(Beginning of Data provided)
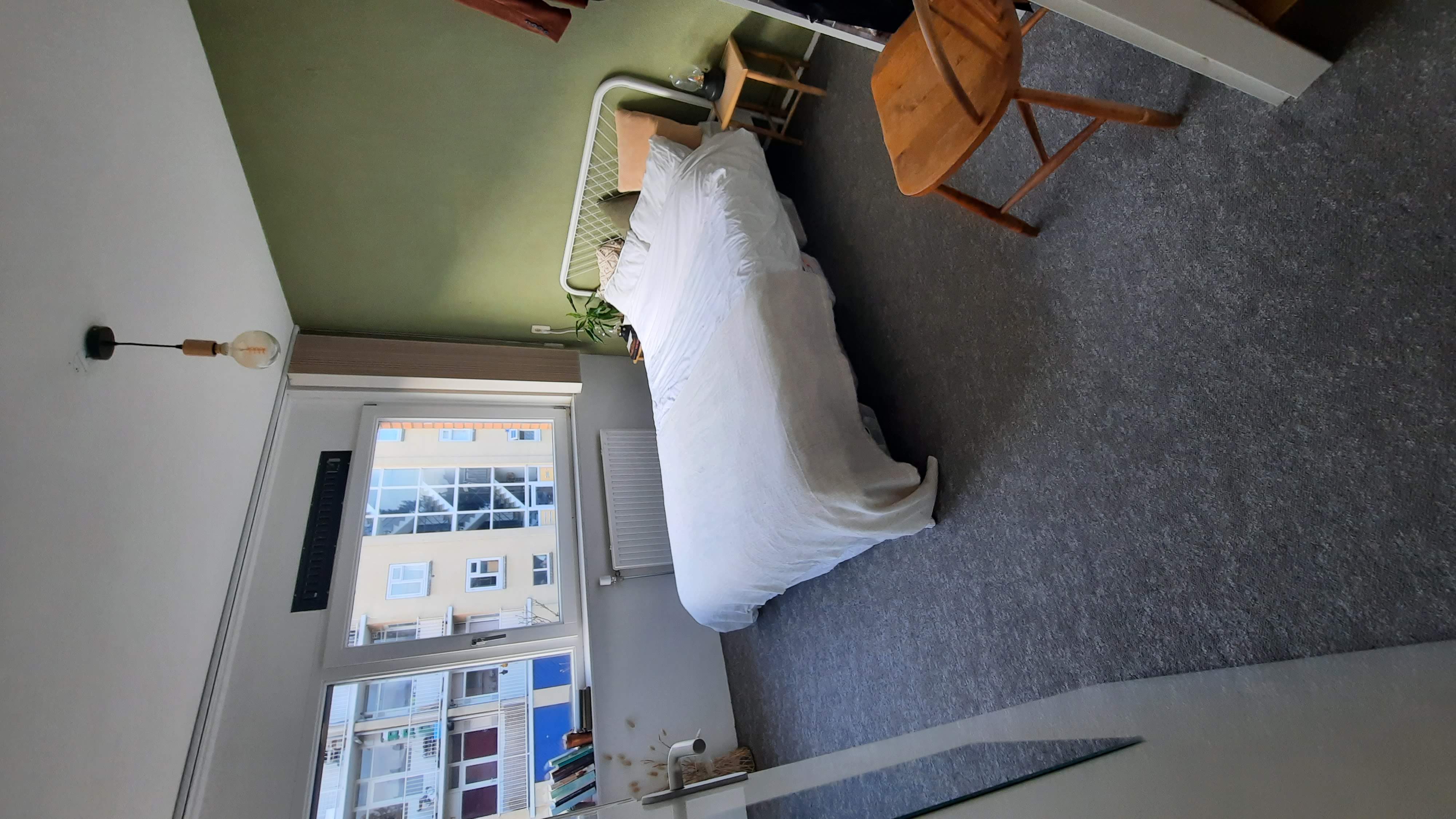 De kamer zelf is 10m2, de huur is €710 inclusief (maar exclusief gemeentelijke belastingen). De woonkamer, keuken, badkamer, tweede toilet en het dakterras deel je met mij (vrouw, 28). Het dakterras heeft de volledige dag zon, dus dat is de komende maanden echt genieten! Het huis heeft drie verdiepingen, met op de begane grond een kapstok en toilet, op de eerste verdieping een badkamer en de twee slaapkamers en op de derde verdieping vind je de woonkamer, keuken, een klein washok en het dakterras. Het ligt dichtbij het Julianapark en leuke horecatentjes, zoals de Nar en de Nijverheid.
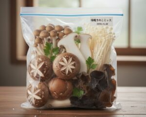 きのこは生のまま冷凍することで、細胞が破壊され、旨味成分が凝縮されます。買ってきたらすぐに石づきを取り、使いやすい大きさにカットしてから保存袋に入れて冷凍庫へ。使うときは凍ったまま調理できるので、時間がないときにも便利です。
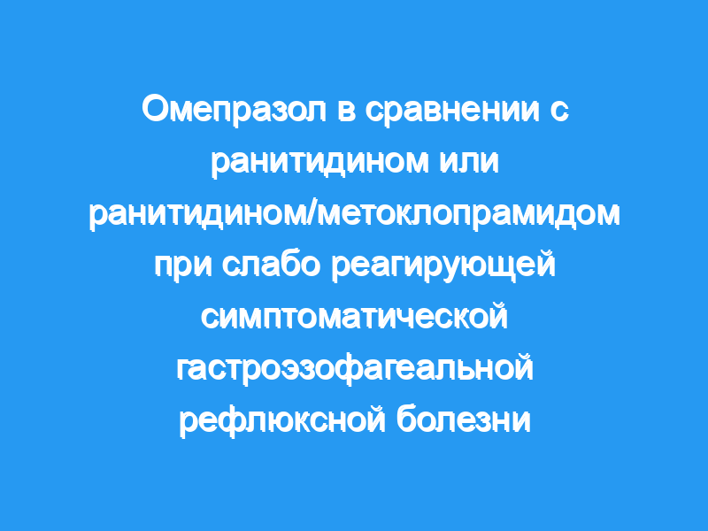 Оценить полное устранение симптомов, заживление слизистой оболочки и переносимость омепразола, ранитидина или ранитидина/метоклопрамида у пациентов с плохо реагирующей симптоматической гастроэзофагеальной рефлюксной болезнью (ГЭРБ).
(End of Data provided)
(Beginning of Data provided)
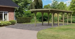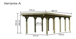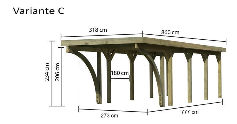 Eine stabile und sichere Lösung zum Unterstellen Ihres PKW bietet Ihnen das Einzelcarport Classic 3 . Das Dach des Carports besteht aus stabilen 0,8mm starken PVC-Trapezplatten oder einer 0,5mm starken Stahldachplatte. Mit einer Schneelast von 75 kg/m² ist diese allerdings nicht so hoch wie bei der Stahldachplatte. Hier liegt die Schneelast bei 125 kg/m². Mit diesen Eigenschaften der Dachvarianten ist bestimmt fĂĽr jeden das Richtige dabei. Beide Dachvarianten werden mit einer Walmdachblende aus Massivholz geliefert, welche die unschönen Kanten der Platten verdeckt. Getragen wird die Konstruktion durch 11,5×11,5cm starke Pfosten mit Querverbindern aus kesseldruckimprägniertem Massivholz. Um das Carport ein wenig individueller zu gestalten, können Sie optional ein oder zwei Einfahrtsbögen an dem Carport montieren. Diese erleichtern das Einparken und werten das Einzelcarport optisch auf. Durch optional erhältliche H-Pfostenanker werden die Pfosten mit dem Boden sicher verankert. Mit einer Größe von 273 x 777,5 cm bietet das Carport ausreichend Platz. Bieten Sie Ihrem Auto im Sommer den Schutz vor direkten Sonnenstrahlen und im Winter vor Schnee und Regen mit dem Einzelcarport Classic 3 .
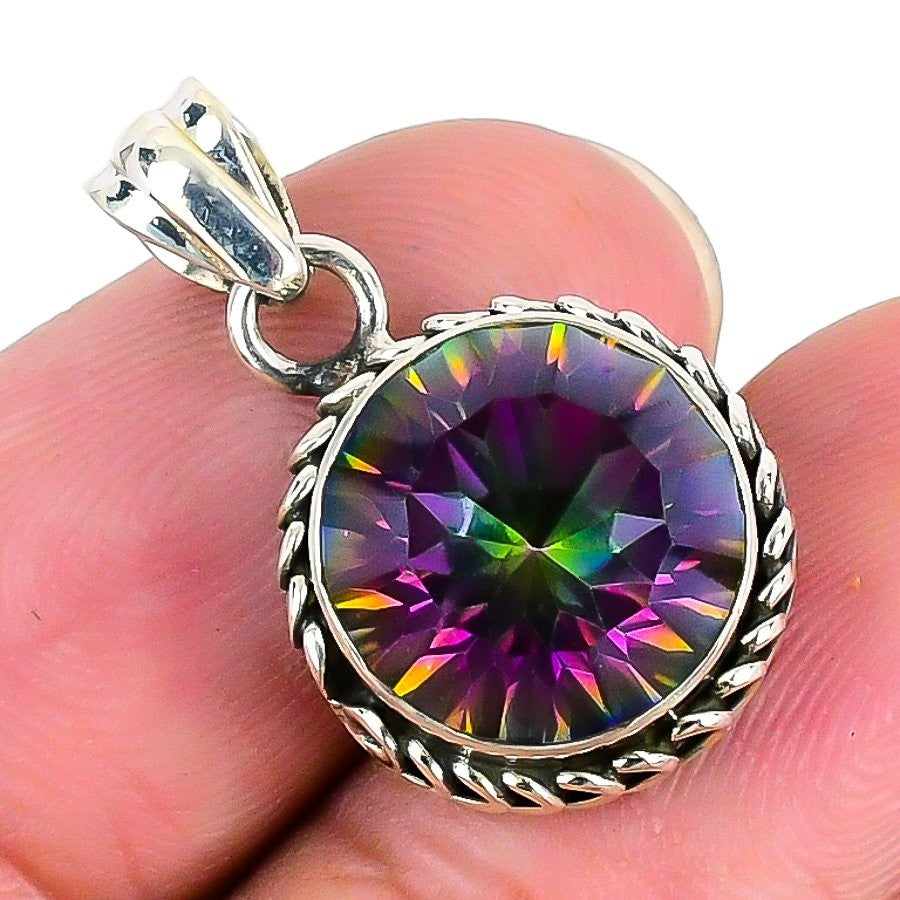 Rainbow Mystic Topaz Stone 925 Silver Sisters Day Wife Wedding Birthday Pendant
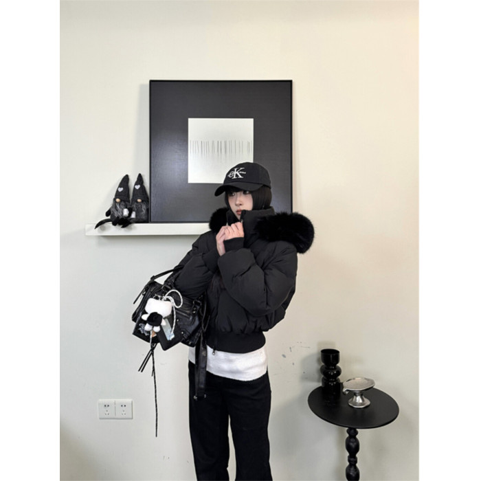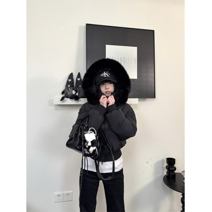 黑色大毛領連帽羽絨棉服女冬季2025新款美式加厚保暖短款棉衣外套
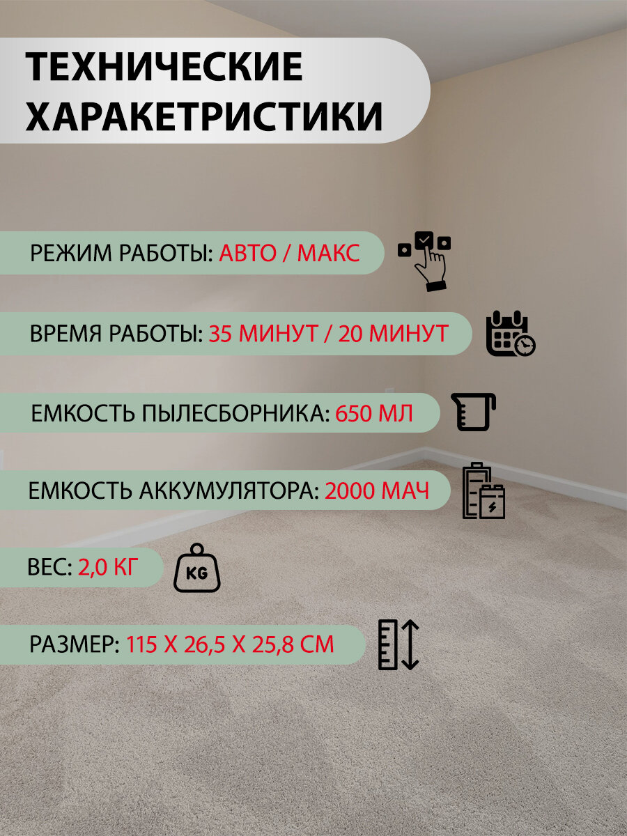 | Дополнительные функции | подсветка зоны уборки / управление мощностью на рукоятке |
(End of Data provided)
# [Exercise]
Above are records with pictures. Reproduce exactly only the lines from the line with "De kamer zelf" through the line with "きのこは生のまま冷凍すること", both ends included, and leave the pictures out.

# [Completed task]
 De kamer zelf is 10m2, de huur is €710 inclusief (maar exclusief gemeentelijke belastingen). De woonkamer, keuken, badkamer, tweede toilet en het dakterras deel je met mij (vrouw, 28). Het dakterras heeft de volledige dag zon, dus dat is de komende maanden echt genieten! Het huis heeft drie verdiepingen, met op de begane grond een kapstok en toilet, op de eerste verdieping een badkamer en de twee slaapkamers en op de derde verdieping vind je de woonkamer, keuken, een klein washok en het dakterras. Het ligt dichtbij het Julianapark en leuke horecatentjes, zoals de Nar en de Nijverheid.
 きのこは生のまま冷凍することで、細胞が破壊され、旨味成分が凝縮されます。買ってきたらすぐに石づきを取り、使いやすい大きさにカットしてから保存袋に入れて冷凍庫へ。使うときは凍ったまま調理できるので、時間がないときにも便利です。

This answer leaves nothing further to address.